An employer is free to withdraw from an MPP at its discretion. But without guardrails, employers would be incentivized to withdraw from a “financially shaky multiemployer plan,” leaving the MPP underfunded for its employees. Milwaukee Brewery Workers’ Pension Plan v. Jos. Schlitz Brewing Co., 513 U.S. 414, 416-17 (1995). To alleviate this problem, the Multiemployer Pension Plan Amendments Act of 1980 (MPPAA) was enacted, which requires a withdrawing employer to pay out its share of the plan’s unfunded vested benefits. 29 U.S.C. §§ 1381(a), (b)(1). This is called the employer’s withdrawal liability. The withdrawal liability must be calculated “as of” the measurement date, which is the last day of the preceding year. Id. § 1391. For example, if an employer withdraws on June 5, 2025, its withdrawal liability is calculated as of December 31, 2024. When an employer withdraws from an MPP, the pension fund’s manager will hire an actuary to determine withdrawal liability. In determining withdrawal liability, an actuary must make assumptions about the future that are reasonable and lead to best estimates of the liability. Concrete Pipe, 508 U.S. at 609.

In this case, the actuary for the IAM Pension Fund, an MPP, made assumptions for withdrawal liability in November 2017. Then, in January 2018, the actuary made new assumptions based on information that was available in December 2017. M&K, an employer who contributed to the IAM Pension Fund, decided to withdraw from the MPP in 2018. The MPP’s actuary used the January 2018 assumptions to calculate M&K’s withdrawal liability, creating an additional $4.3 million in liability for M&K compared to the November 2017 assumptions.
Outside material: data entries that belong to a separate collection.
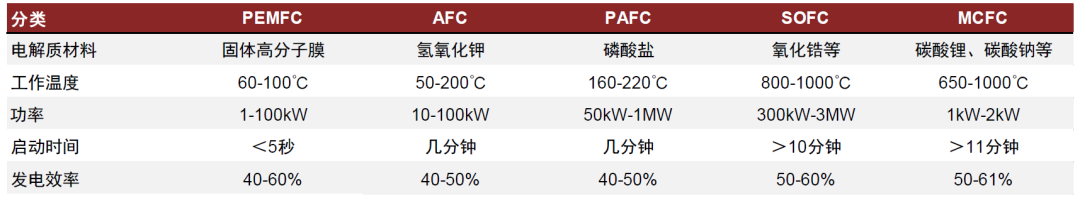 图表:氢燃料电池分类与性能对比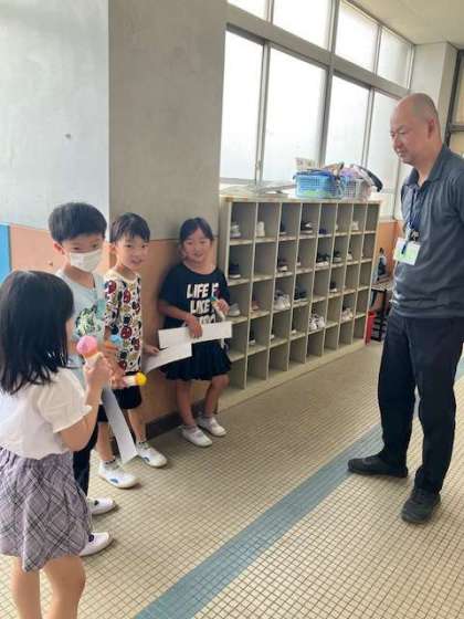 「羽束師小学校の先生達のことが全然分からない!」ということで先生達にインタビューをすることにしました。手作りのマイクを持って名前や好きな動物、好きな食べ物などたくさん質問をすることができました。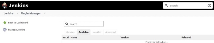 我們將導航到外掛管理器頁面,在這裡我們將獲得可用Jenkins外掛的列表。
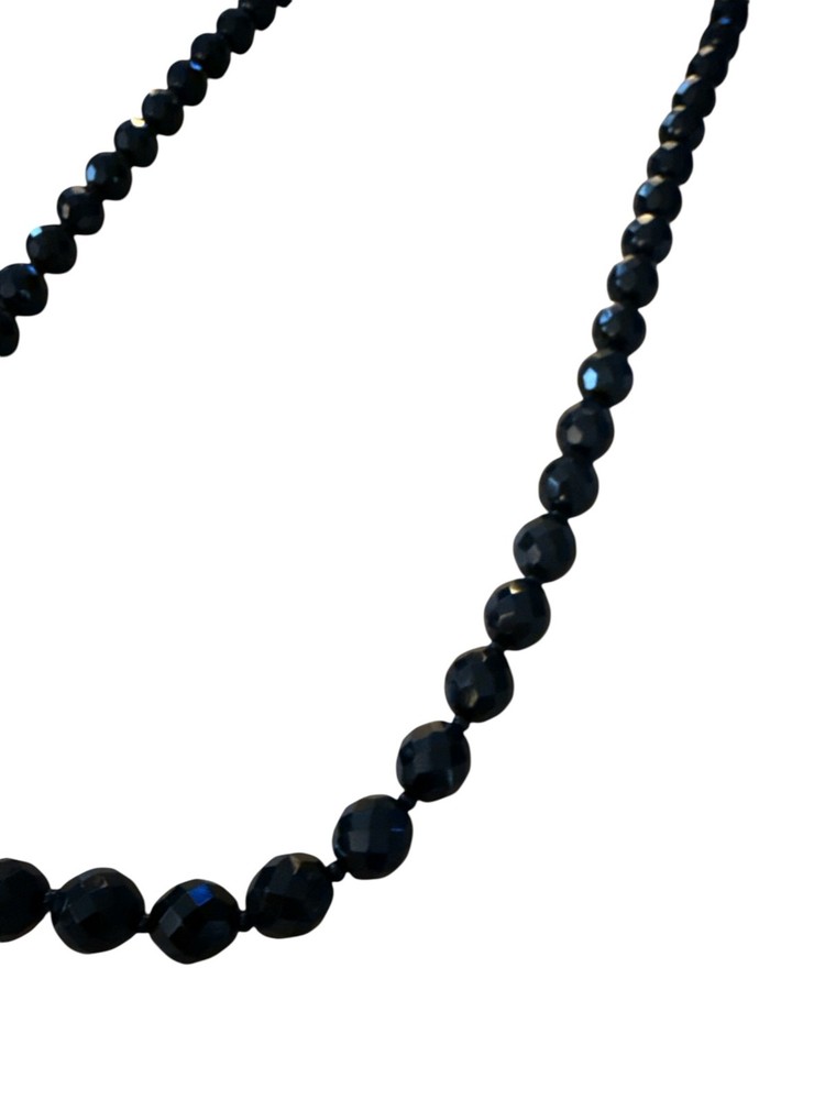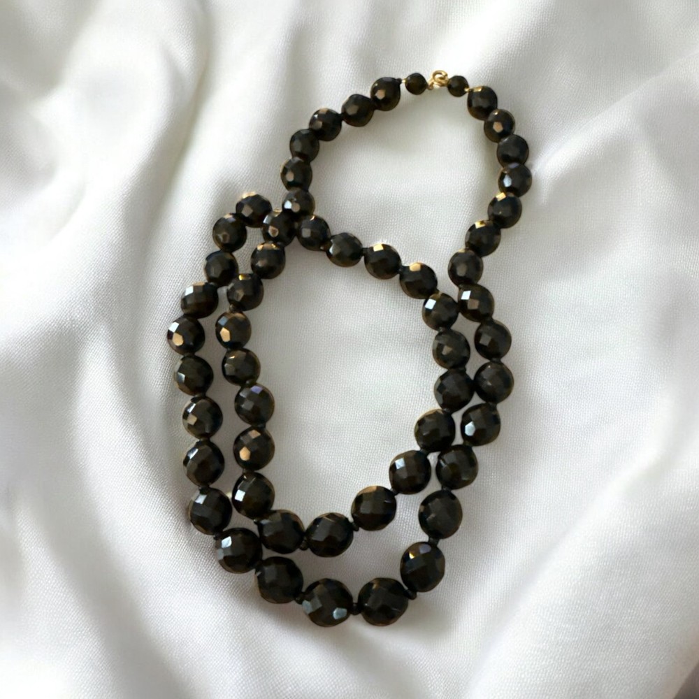 Vintage Faceted Black Glass Bead Necklace Classic Elegant Strand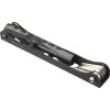 The MTB-5 packs 16 functions into one slim, tough folding multi-tool, making it the ideal companion for any trailside adjustment or emergency fix. Features a full set of hex wrenches and screwdrivers, a T25 Torx-compatible driver, and five specialty tools to aid in common on-the-ride repairs. 2, 2.5, 3, 4, 5, 6 & 8 mm hex wrenches. T25 Torx-compatible driver. Philips #2 cross tip & flat head screwdrivers. Chain tool (5 to 12 speed compatible, not compatible with Campagnolo 11–13 speed chains). Spoke wrenches (equivalent to SW-0 and SW-2). Presta valve core removal tool. Disc brake rotor truing tool. Disc brake pad spreader.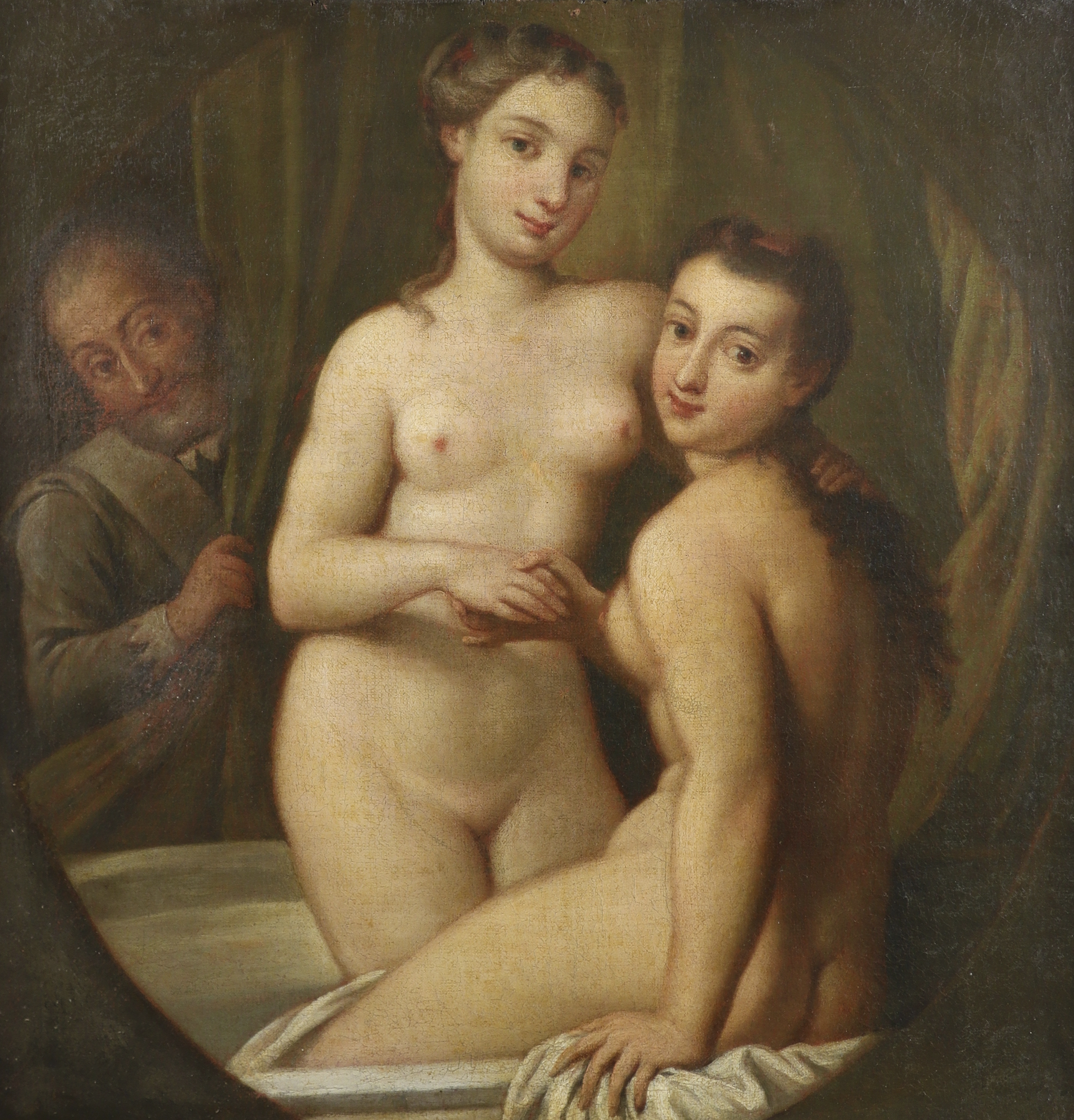 French School 18th Century Two nudes with a gentleman voyeur Oil on canvas in a painted cartouche...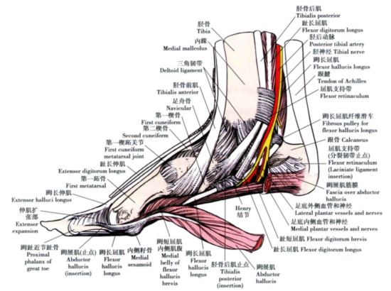 踝管:屈肌支持带和跟骨内侧面及内踝围成。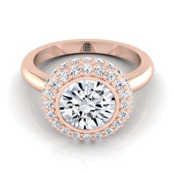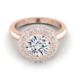 14K Rose Gold Round Brilliant Bezel Pave 3D Halo Solitaire Engagement Ring

Following arbitration, the arbitrator decided in favor of M&K, requiring the MPP to use the November 2017 assumptions. The MPP appealed and the U.C. Court of Appeals for the D.C. Circuit found that it was permissible for the MPP’s actuary to use the January 2018 assumptions because the assumptions were based on information that was available to the IAM Pension Fund on the last day of the preceding year—December 31, 2017. M&K sought Supreme Court review.

There is a circuit split regarding interpretation of the phrase “as of the end of the plan year” in the MPPAA. The Second Circuit requires assumptions that were in place on December 31 of the preceding year and does not allow for change in the actuarial assumptions. Nat’l Ret. Fund v. Metz Culinary Mgmt., Inc., 946 F.3d 146 (2d Cir.), cert. denied, 141 S. Ct. 246 (2020). The D.C. Circuit, in contrast, permits assumptions to be determined after the end of the year so long as the assumptions are based on information available as of the end of the previous year. 

What's at Stake

Millions of dollars of promised pension benefits are at stake in this case. Even seemingly small adjustments in withdrawal liability interest rate assumptions can make a difference of millions of dollars for what employers must pay to withdraw from an MPP, and, in turn, the funds available for employees and retirees of a withdrawing employer.

In a 2014 analysis, the U.S. Department of Labor found that one in four pension plan participants is covered under an MPP. These MPPs provide retirement funds to an estimated 10.1 million employees throughout the U.S. and are prevalent in specific sectors such as construction and transportation. Employees covered by these MPPs rely on their employers to contribute what they owe into the plans. Employees, including many older adults, could lose out on millions of dollars of hard-earned pension benefits should the Supreme Court rule in favor of M&K.